> _Exercise brief_
In the entries below, tally the lines that contain the string "your", then state that number alone.
■ ■ ■ ■ ■
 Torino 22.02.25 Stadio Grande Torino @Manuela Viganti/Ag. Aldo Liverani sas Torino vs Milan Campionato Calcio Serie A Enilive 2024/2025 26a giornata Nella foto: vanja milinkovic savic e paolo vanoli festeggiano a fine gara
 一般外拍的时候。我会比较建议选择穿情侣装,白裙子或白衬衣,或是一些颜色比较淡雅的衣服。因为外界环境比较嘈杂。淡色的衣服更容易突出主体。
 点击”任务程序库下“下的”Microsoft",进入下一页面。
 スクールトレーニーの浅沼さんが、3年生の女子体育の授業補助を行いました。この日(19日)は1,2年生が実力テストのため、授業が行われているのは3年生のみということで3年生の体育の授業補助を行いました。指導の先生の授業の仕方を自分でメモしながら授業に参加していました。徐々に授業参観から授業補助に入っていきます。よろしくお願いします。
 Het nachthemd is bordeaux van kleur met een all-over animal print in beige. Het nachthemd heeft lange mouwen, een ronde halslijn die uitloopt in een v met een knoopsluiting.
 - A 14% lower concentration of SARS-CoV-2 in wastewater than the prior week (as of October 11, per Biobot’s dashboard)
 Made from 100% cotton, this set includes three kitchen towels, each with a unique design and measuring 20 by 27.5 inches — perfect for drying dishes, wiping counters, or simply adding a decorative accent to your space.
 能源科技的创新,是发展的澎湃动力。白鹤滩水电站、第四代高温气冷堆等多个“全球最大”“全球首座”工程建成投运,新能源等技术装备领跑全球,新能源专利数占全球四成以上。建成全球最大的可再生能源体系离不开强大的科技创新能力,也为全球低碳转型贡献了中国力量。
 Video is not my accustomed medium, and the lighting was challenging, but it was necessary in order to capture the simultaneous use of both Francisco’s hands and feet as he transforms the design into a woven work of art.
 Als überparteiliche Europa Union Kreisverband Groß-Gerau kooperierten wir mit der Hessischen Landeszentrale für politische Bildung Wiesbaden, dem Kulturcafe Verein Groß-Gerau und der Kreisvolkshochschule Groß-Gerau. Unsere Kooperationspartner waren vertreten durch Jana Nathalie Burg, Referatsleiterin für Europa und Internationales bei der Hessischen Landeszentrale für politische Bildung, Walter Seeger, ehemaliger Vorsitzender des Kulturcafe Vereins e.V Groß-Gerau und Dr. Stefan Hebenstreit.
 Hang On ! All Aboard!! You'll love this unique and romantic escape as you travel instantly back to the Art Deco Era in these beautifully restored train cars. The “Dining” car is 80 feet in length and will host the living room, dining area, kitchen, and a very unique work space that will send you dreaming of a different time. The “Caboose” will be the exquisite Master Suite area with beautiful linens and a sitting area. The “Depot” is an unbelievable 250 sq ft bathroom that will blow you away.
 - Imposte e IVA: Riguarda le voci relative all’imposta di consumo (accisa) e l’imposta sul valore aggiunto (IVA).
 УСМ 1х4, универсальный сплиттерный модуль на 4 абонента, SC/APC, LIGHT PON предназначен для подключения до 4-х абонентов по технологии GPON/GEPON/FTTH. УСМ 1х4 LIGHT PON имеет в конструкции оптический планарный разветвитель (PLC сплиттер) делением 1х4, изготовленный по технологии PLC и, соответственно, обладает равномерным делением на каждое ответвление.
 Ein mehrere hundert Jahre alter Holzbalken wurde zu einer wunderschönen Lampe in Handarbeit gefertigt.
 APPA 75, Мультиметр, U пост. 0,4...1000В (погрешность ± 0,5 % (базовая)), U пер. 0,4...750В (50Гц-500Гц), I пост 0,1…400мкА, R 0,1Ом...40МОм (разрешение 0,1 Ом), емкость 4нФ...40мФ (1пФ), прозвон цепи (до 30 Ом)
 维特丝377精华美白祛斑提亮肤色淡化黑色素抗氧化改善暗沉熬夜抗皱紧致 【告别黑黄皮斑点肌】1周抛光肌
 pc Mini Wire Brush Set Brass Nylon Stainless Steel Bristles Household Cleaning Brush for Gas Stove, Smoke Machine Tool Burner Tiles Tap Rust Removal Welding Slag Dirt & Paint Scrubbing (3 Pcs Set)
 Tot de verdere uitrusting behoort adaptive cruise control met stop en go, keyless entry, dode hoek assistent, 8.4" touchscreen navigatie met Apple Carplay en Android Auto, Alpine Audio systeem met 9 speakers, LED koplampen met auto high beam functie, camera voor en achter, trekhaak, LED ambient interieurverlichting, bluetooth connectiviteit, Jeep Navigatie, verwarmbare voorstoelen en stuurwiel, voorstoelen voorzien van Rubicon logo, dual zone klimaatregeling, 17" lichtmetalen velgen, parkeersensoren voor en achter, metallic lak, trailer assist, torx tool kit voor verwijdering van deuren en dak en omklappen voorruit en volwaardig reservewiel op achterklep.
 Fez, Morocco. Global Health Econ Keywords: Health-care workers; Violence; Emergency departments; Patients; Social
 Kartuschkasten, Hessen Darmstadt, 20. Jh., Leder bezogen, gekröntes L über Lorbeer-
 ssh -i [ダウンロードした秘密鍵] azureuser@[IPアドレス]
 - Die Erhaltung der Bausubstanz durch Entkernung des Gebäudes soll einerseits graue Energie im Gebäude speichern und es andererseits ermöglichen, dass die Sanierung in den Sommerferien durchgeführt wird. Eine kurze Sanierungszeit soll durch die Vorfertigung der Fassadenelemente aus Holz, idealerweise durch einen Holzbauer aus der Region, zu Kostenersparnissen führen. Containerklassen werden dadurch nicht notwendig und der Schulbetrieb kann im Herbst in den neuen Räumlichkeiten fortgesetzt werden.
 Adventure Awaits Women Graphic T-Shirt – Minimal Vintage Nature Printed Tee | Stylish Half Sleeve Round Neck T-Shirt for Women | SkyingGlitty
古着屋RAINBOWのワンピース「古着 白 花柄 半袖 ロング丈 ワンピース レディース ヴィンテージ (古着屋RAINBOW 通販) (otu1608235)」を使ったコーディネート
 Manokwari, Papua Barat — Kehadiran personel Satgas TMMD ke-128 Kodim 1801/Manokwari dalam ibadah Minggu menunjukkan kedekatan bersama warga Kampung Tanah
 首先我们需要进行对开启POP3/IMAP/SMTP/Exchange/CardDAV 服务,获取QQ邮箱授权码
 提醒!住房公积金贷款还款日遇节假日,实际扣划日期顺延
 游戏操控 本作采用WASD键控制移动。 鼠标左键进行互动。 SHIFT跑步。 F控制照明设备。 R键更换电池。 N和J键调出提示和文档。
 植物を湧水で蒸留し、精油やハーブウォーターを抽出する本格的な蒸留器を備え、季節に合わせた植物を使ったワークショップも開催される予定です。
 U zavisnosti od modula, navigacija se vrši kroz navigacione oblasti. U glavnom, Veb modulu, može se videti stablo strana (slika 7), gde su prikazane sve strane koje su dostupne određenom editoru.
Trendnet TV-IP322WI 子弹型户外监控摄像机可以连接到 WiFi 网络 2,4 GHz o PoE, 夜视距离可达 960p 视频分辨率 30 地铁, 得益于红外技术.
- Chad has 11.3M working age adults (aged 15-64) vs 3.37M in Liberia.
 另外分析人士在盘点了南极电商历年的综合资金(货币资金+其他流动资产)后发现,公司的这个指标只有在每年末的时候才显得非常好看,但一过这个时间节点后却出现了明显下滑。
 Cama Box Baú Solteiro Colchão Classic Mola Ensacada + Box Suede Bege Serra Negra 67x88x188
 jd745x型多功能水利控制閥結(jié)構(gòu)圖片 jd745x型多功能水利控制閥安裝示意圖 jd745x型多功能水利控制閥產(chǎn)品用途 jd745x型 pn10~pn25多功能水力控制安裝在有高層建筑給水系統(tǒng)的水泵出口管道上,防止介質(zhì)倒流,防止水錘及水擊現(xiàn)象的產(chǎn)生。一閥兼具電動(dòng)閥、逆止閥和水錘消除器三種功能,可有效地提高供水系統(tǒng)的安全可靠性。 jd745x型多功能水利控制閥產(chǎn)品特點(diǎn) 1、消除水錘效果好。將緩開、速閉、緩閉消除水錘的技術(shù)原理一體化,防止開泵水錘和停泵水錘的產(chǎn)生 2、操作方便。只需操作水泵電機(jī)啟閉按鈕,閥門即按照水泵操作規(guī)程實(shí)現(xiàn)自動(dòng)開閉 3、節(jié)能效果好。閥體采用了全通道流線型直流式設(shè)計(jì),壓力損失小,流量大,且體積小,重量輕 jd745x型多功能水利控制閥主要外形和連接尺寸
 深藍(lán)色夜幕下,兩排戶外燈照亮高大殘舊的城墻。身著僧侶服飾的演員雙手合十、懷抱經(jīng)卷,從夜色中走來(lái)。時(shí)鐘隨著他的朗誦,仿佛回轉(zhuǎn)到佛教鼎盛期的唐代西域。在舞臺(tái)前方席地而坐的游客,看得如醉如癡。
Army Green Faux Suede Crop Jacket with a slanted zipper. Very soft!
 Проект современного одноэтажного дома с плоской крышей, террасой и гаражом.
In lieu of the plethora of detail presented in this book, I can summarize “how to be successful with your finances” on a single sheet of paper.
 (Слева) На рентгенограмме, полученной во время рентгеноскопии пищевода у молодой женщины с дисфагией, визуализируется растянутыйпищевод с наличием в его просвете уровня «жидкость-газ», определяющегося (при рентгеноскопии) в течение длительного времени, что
■ ■ ■ ■ ■
> _Task output_
2